Albums

Pavement - Brighten The Corners : Nicene Creedence Edition

Ian Atherton 28/11/2008

Rating: 4.5/5

Brace yourselves - the fourth instalment in Domino's biennial series of Pavement reissues is every bit as extensive, expansive, exhaustive and exhausting as those covering the band's opening trio of records. A remastered version of the original twelve-track release is complemented by an incredible thirty-two b-sides, compilation tracks, radio sessions and outtakes, all housed in a fancy slipcase alongside a sixty-page book.

You can look elsewhere for an assessment of Brighten The Corner's merits - a slicker, calmer beast than its predecessors, its complex, melancholic melodies and sarcastically arch lyrics seems to repel as many listeners as they attract. Certainly, the record is a very different Pavement from those who emerged five years previously with lo-fi classic Slanted And Enchanted, but few could deny the appeal of Shady Lane's tumbling melodies, Starlings In The Slipstream's expansive sprawl or the tenderly duelling guitars that close Infinite Spark (here reverted back to its original title, Fin).

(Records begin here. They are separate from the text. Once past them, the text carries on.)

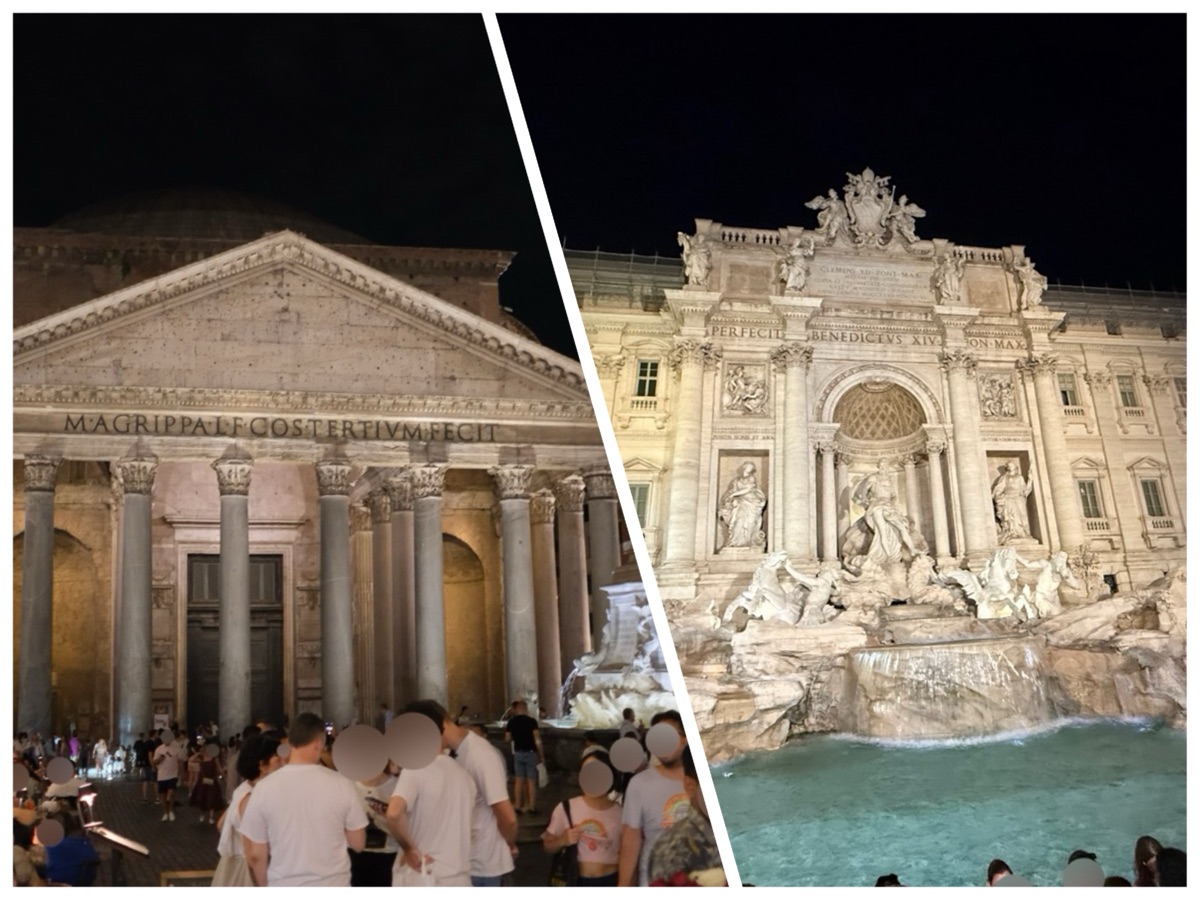 ローマの夜を散策し、ライトアップされたパンテオンとトレビの泉を訪れた体験記。昼間とは異なる雰囲気や混雑状況、夜でも楽しめる観光の魅力を実体験ベースで紹介します。夜のローマ観光を検討している方におすすめの内容です。 -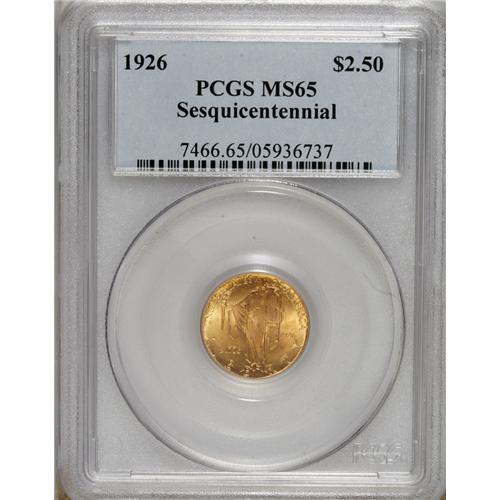<B>1926 $2 1/2 Sesquicentennial MS65 PCGS.</B></I> Because of the low-relief design, examples of this issue that are well struck up can be elusive. This is one such piece, however, with good articulation on Liberty's face and hands, and the facade of the building on the reverse. Booming luster complements the pleasing orange-gold coloration. An elusive issue at the next grade level.<BR><BR><b>Shipping:</b> Coins & Currency (<a target="_blank" href="http://www.heritageauctions.com/common/shipping.php">view shipping information</a>)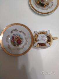 Fate un salto indietro nel tempo con questo incantevole servizio da caffè vintage in porcellana, decorato con romantiche scene ispirate a Fragonard e una delicata doratura in oro spazzolato. Probabile primi del '900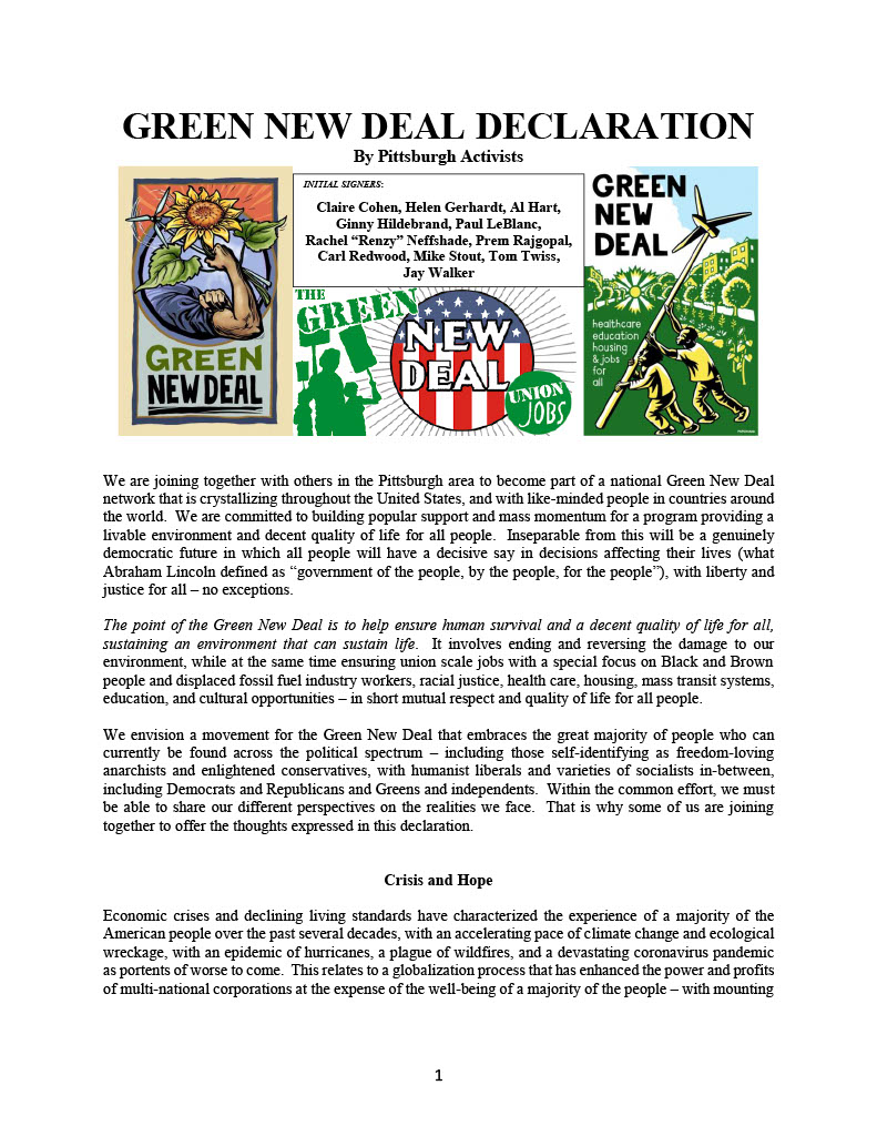 For a more comprehensive explanation of Pittsburgh Green New Deal principles, goals, strategies, and tactics, please see the original founding document, the Green New Deal Declaration, by clicking on the image of the first page below.

As with the previous reissues, the bonus material is of an astonishingly high standard, and several of the unreleased tracks must have come close to making it onto the final album - swirling instrumental Beautiful As A Butterfly could have benefited from the addition of vocals and psychedelic nursery rhyme Nigel could perhaps be trimmed, but the lurching Cataracts, which features classic off-kilter Malkmus meandering and a swirling guitar outro, comes fully formed.


The b-sides are stylistically varied, but again feature many tunes which could have slotted into the finished article, including Spiral Stairs' charming Winner Of The (a sonic pointer to his work with Preston School Of Industry) the tubthumper-taunting Westie Can Drum (chorus: "Westie cannot drum"), a rockabilly version of Type Slowly, the hectic Wanna Mess You Around and the beautifully concise Cherry Area.

Of the twelve radio session tracks, two were featured on the Major Leagues EP - a graceful cover of Echo & The Bunnymen's The Killing Moon and a suitably deranged version of The Fall's The Classical (introduced as "an old family favourite"). Also included here is a warped run-through of Faust's It's A Rainy Day Sunshine Girl, alongside an undistorted version of Spiral Stair's much-loved Date With Ikea, a slightly plodding rendition of Fin/Infinite Spark and the legendary Neil Hagerty Meets Jon Spencer In A Non-Alcoholic Bar, whose frenzied vocal contortions just about do justice to the outlandish title.

Interestingly, a handful of tracks point towards the creative cul-de-sac encountered during the band's final sessions - the original version of The Hexx, which appeared at the back end of Terror Twilight, unfolds itself across seven minutes, while discordant singalong Roll With The Wind and the wonderfulHarness Your Hopes(with its classic taunt "Show me a word that rhymes with Pavement and I will kill your parents and roast them on a spit") were apparently recorded and mixed during the BTC sessions before finding their home on the b-side to Carrot Rope (in the UK) and Spit On A Stranger (in the US) a couple of years later.

With all these highlights plus an additional smattering of live and unreleased odds and ends, this instalment of the series yet again works as a landmark example of how properly assembled reissues can be much more than a standard money-grabbing exercise, and also underlines just how prolific, consistent and creative Pavement were across their ten-year existence. Roll on 2010's Terror Twilight retrospective.